もちろん、画素数は基本的な性能として大きな要因ではあるが、それだけではない。だから、「100万画素は30万画素のデジカメよりきれいな写真が撮れる」ということではない。まあ、自動車で2000ccの車が1000ccの車より、エンジン以外のところでも差があるのと同じように、100万画素機は他の点でも高性能なものを使っていることが多く、結果的に差が付くことが多いということでしかない。このことを、DSC-SX560の画像が如実に教えてくれる。1.5メガでも総合力が高ければ2メガの機種と遜色のない絵を撮ることができるのだ。
しかし、これをケータイデジカメに求めるのは難しい。まず、物理的な制約が大きいために大きなサイズのCCDを使うことが困難なこと。小さな画素の素子を小さくすることで高画素数化すると、感度が下がるだけでなく、レンズの性能も高いものが要求される。撮像素子以外の要素についても、ケータイでは採用できないものが多い。物理シャッターや絞りなどは物理的に無理だし、小さな画素で原色フィルターを使うことも難しいだろう。

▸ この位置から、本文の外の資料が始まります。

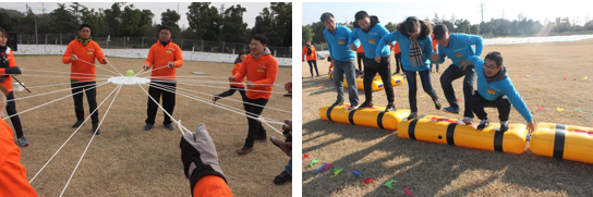 活动开始,党员们组建了红队和蓝队两个团队,红队队名“闪电队”,蓝队队名“大闪电队”。两组还分布进行了风采展示,建立归属感。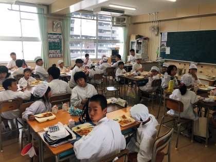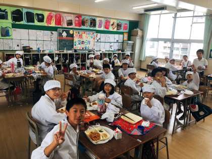 今日は、4時間目に1年生と6年生でオリエンテーリングを楽しく行った後、同じグループのメンバーで一緒に給食を食べました。

A5502Kについて考えてみると、jpegの圧縮率以前に、CCDの仕様が問題なのかもしれない。京セラはCONTAXも作っているメーカーなので、ケータイ・パッケージングという制約がなければ、十分な画質のデジカメを作れるはずだ。ソフトウェア的なものはA5502Kにも応用が可能なはずだ。にもかかわらず、一時代前のデジカメにも負ける(はっきり言うとDSC-X100に負けている)画質しか撮れていない。小さいボディに100万画素を埋め込むために小さなCCDを使ったのではないだろうか。そのために、ダイナミックレンジの低い元データしか生成できなくなり、それをソフトでコントラストと明度を上げて見栄えのよい画像にしようとしたのがこの結果なのではないだろうか。しかも、そのデフォルメして作った絵を高圧縮で保存したのがこの絵の原因なのではないか。
2chでは、200万画素を待つ声が書き込まれているが、今の延長上で200万画素化したら悲惨なことになってしまう。今でも光量不測気味な絵が悲惨なことになることは明白だ。ケータイの限られたサイズの中で、CCDのサイズを大きくすることや機械的なギミックを盛り込むことはできないだろう。200万画素にするのではなく、画素を大きくすることを考えてはどうだろう。そして、しつこいようだが、圧縮率の小さいモードを作って欲しい。今のサイズでもメールで送信することはできないのだから、サイズにこだわる必要はないのだ。メールで送信するのはQVGAで十分なのだから。
#Vins-Tさんにトラックバックを頂いた時に書いたままにしていて忘れてました。失礼しました。